Why is healthcare something so many get through employers? An accident of history and war time and companies trying to attract and keep employees. You might reasonably think that companies wouldn’t want to be in the business of providing health care insurance. It’s an ever-deepening pit of expense and not a natural part of the business. So why don’t big companies push the idea of a national health insurance program so they can rid themselves of it? Maybe because it helps tie people into place and a national program would offer more freedom and options to workers.

On Twitter, around a year ago, Jon-Stephen Stansel tweeted something that became ongoingly popular: that companies should include salaries in job descriptions because no one should take time off to eventually find out that a position pays less than they already make.

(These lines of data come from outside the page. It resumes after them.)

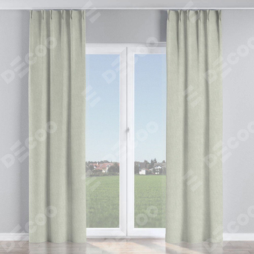 Комплект прямых штор, от производителя «Cortin», пошиты из ткани канвас светло-серый, артикул ткани v-371. С изнаночной стороны в верхней части штор пристрачивается шторная лента с декоративными складками «Кустик». Для создания элегантных складок прямые шторы шьются по стандарту с коэффициентом 1:2 (на 100 см. ширины проёма 200 см. ширины ткани).
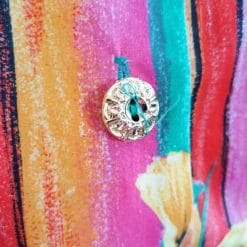Un vestito comodo adatto ad essere indossato ogni giorno, bella linea fit & flare, un abito confezionato a Milano negli anni ’90. Fantasia coloratissima, abbottonatura frontale completa
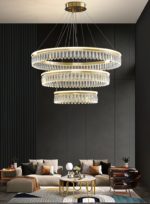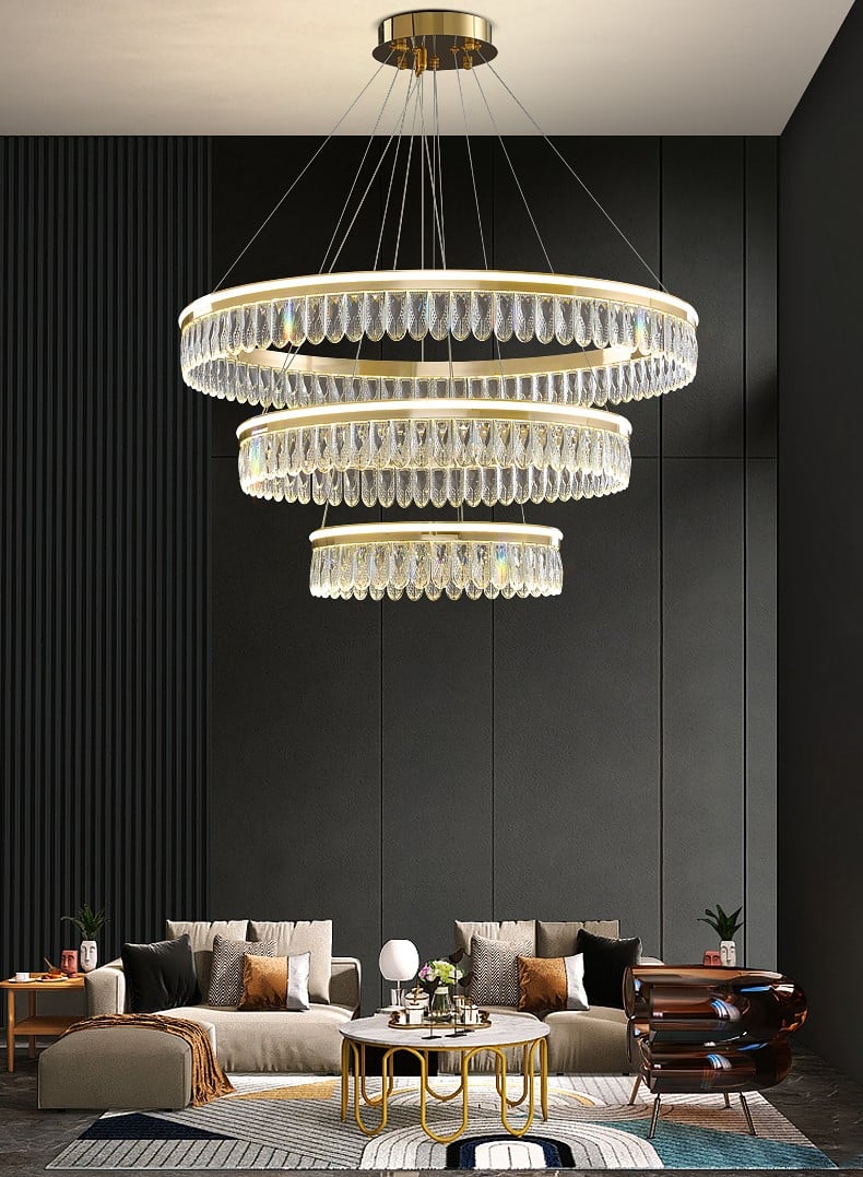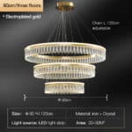 Mara mennyezeti lámpa, arany és kristály, 3 gyűrűs, 80+60+40 cm
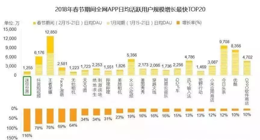 即便在2017年如此迅速增长的情况下,2018春节期间的《迷你世界》还实现了116%的增长率。
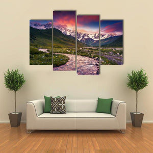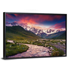 A realistic mountain landscape showing snow-capped peaks, pink and red sunset clouds, and a winding river through a green meadow. The composition uses rule-of-thirds and depth, with the river in the foreground for a dramatic yet serene mood. Suited to modern rooms and nature-themed decor.
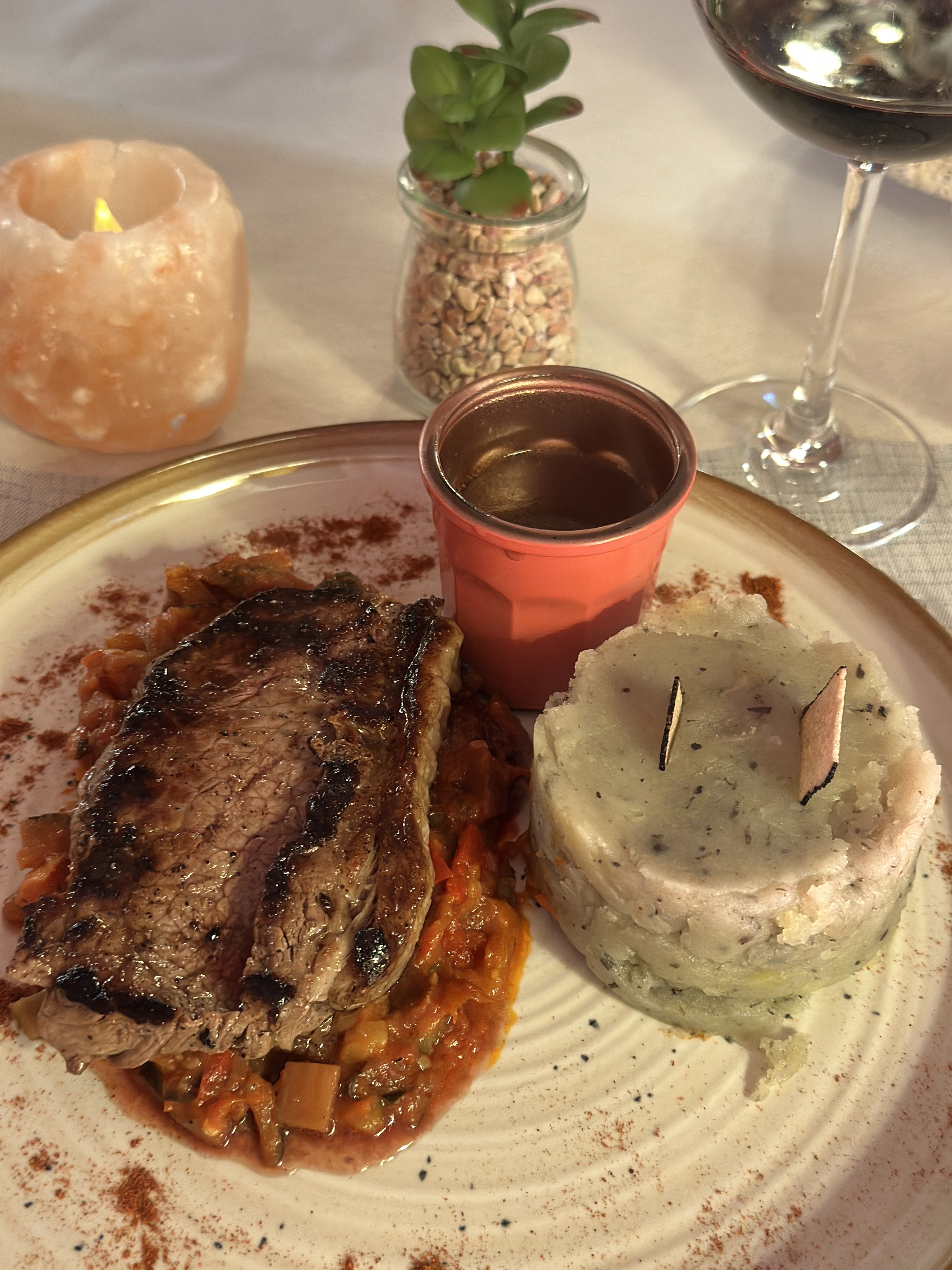 Je suis contente que nous ayons décidé de dîner dans ce restaurant situé un peu à l’écart du centre habituel de Grasse. À mon avis, cela rend le restaurant encore plus spécial. Je recommanderais fortement aux touristes et aux locaux de faire un léger détour et d'essayer ce restaurant. Le service était impeccable. Le gars qui a pris notre commande était extrêmement attentif et a fait tout son possible pour répondre aux besoins des clients. Pour commencer, les starters étaient complémentaires. Les plats principaux étaient également délicieux, le serveur a même suggéré de modifier la sauce du steak à notre goût si elle était trop épicée. Le poisson était bien préparé avec de la purée de pommes de terre à la truffe et des légumes en accompagnement. Je recommanderais fortement le gâteau au Nutella avec de la glace à tout moment - c'était la meilleure façon de terminer votre repas. J'ai tout simplement adoré ! Nous avons terminé notre superbe dîner avec un digestif - tout simplement incroyable. Je recommande vivement ce restaurant à tout moment. Je reviendrai certainement 👍🏻
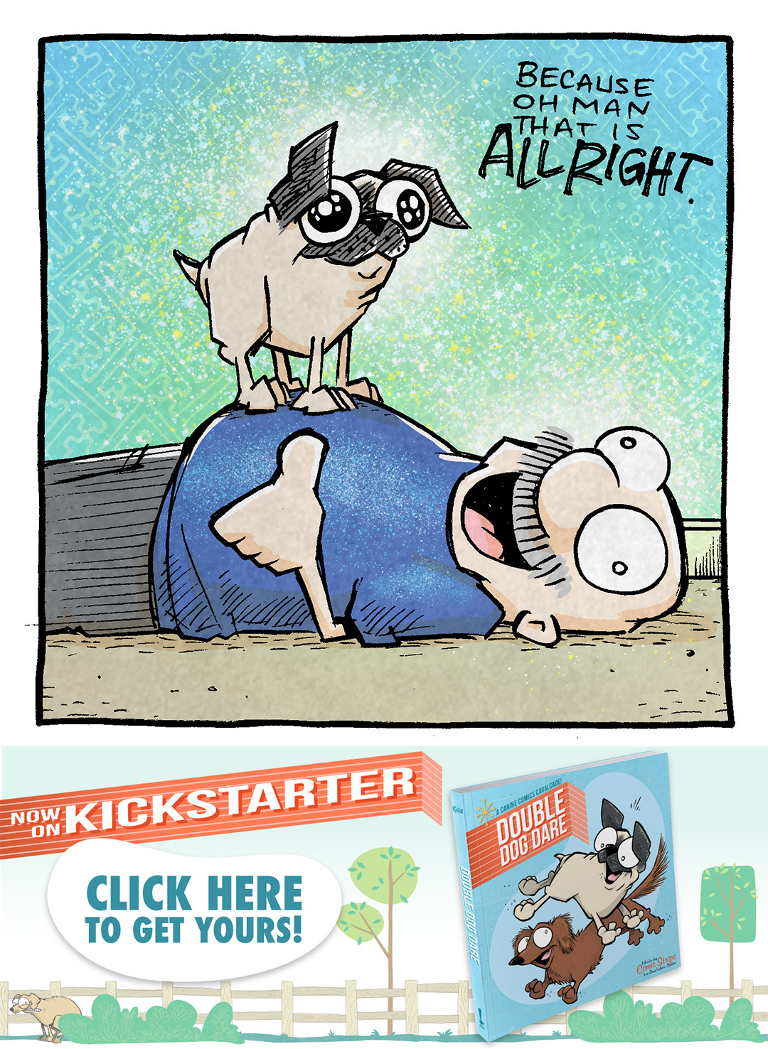 Pals! In celebration of my new book DOUBLE DOG DARE (now on Kickstarter!) here’s one of my favorite dog comics that’s in the book!
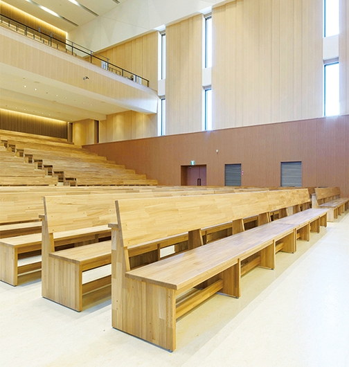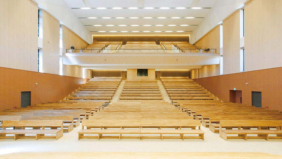 2011年に迎えた創立120周年を記念して中学校・高等学校の建て替えが計画され、2015年に校舎棟、2016年に体育館棟が完成しました。校舎棟の中央には、キリスト教教育の拠点となる礼拝堂が配置され、毎朝礼拝を行う全校生徒を収容できる座席数を確保。礼拝堂という神聖で凛とした空間でありながら、ナチュラルカラーの木製ベンチがぬくもりのある雰囲気を演出し、生徒や教員を穏やかに迎え入れます。

Put slightly differently, if a company won’t publicly offer a salary range, it’s hoping to snag employees at a discount. With a sound business model and planning, salary ranges would be high enough to bring in talent while maintaining necessary profit margins. But that philosophy doesn’t turn workers into profit-boosting bargains.

It’s time to make changes. Turn some programs like health insurance into a national option (and let companies continue to provide other plans if they wish). But also require reasonable minimum wages that let people live. By allowing a minority of the economically power to turn most into employment patsies, the country sets up a future that will continue to collapse and ultimately fade into history.